We started this tradition of traveling the world through food on Cinco de Maya,  so it is only appropriate that we commemorate this occasion.   The Corona is chilled and my wife has drummed up some Mexican wine.   MEXICAN VINE  my cellar shudders and my eye brows raised with condemnation.   How dare what has this world come to.

I had planned to make homemade tortillas for the first time ever.  I heard that the rolling can be a chore and for the amount of tortillas we were making we decided to invest in a cheap Tortilla press.   AND thats what it was a cheap crappy product that did do the job.   Well at $20 I should have known better.  However for the amount of time it did save us it was probably worth the money.




Our Menu

Pork Carnitas

I have made these a few times,  however decided to try a new recipe this time.  Braising the pork shoulder in Cream, Milk and Orange Juice with a medley of spices.  Then do the crisping in the oven at a really high temps while glazing with fat rendered from the braising.  There is a certain charm when you discover an old talent that you forgot about.   I have recently discovered this talent again.   Burning the blinking food.   About 3 minutes less at 500 F and I would have had perfections instead of semi-charred, but still edible and not too bad.  I should have followed my gut instinct when I took them out and they looked perfect but still threw them in the oven because the tortillas were not done.



Tortillas


Masa Harina and some water and bingo is his name or is that chihuahua is his game.  For the first time making these they turned out just how we wanted.  I do not have a Tortilla keeper so used a pot to keep them warm and used a lid so they don't dry out fast.  I still had this fear they would dry out however they did not and were soft and just right for the first time making these.


Blackened Ancho Shrimp



Here simplicity ruled again,  olive oil, ancho chile powder, and salt and Manta is the name of some killer shrimp.










Salsa


Two different types I did.  Avocado,  Tomatillos and Cilantro,  and  a Roasted Medley of Mini Heirloom Tomatoes.   Here is an example of a perfectly blackened tomatoes, onions and garlic for the salsa.  Thats exactly what I wanted.  Personally I liked the roasted salsa much more then the Avocado and Tomatillo salsa.   However it was a recommended salsa to go with the shrimp or seafood.   I think both Salsa's could go with chips quite nicely.

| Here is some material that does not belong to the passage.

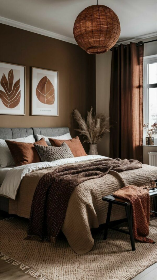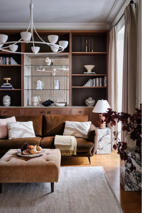 如果你想試水,配飾是嘗試棕色最簡單的方式。大地色調的抱枕、蠟燭、陶器或花瓶可以帶來恰到好處的溫暖感。一個巧克力棕色的燈罩或駝色陶瓷碗可能聽起來微不足道,但這些點綴 collectively 能產生顯著影響。因為它們投入成本低,你可以隨季節更換。棕色配飾也與季節性裝飾相得益彰,比如秋天的肉桂色蠟燭或春天的編織籃。隨著時間的推移,這些點綴會逐漸形成統一的外觀,而無需進行全面的設計大改造。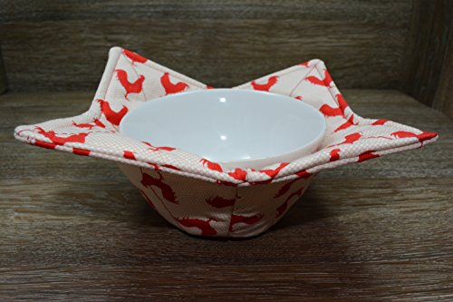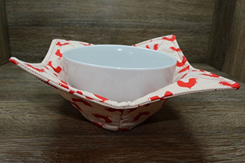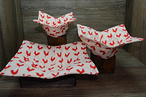 Product Description Microwave cozy set includes 1 small bowl cozy (Approx 6.5" sq), 1 medium bowl cozy (Approx 8" sq), 1 dinner plate cozy (Approx 10" sq.) The dinner plate cozy can also be used for round casserole dishes and the small size is great for coffee mugs! These microwave cozies are the perfect solution to handling super-hot dishes. Cooking and reheating food in a dish cozy makes life so much easier! Place your microwaveable dish inside the bowl cozy and put the whole thing in the microwave to heat. To take the bowl out, you simply grab the corners of the cozy. We found that our kids can now get their dishes out of the microwave safely. Cozies will also protect your fingers from the cold when holding a bowl of ice cream and are great for protecting your table. You can also use a cozy placed on top the dish you are microwaving to help steam food. MATERIALS: * 100% cotton fabric * 2 layers of 100% cotton batting * 100% cotton thread Please be advised: Bowl cozies must only be used in microwaves with a rotating base. To avoid scorching or burning, please make sure cozy freely rotates in your microwave. Never leave microwave unattended. Make sure cozy is clean with no pieces of food attached. Do not microwave cozy for more than three minutes. Cozies can be machine washed on delicate cycle. Reshape and allow to air dry for best results. Please let us know if this is a gift, and we will ship without a packing slip enclosed! 0

Avocado Lime Cheesecake Ice Cream Pie

There is only one word to describe such a creation YUM.




The green colour was just lovely the texture smooth and refined with a lime twist.  Really a nice luxurious dessert that is going in the keeper list for special occasions.

Now back to the wine the Mexican wine.   The wine that would make a frenchman snicker at 'le vin de Mexico'.  Well folks this wine was nothing to snicker or turn your back on.  It was pleasant and nicely bodied with a really good taste and mouth feel.  It did not feel loose but really well rounded.

Thinking about this dessert I think I shall run down and get a slice.  Some things you just can't resist. I hate the Tortilla heading not aligning itself to the side like it should and have just wasted 20 minutes trying to make it do so even though on the preview it does !!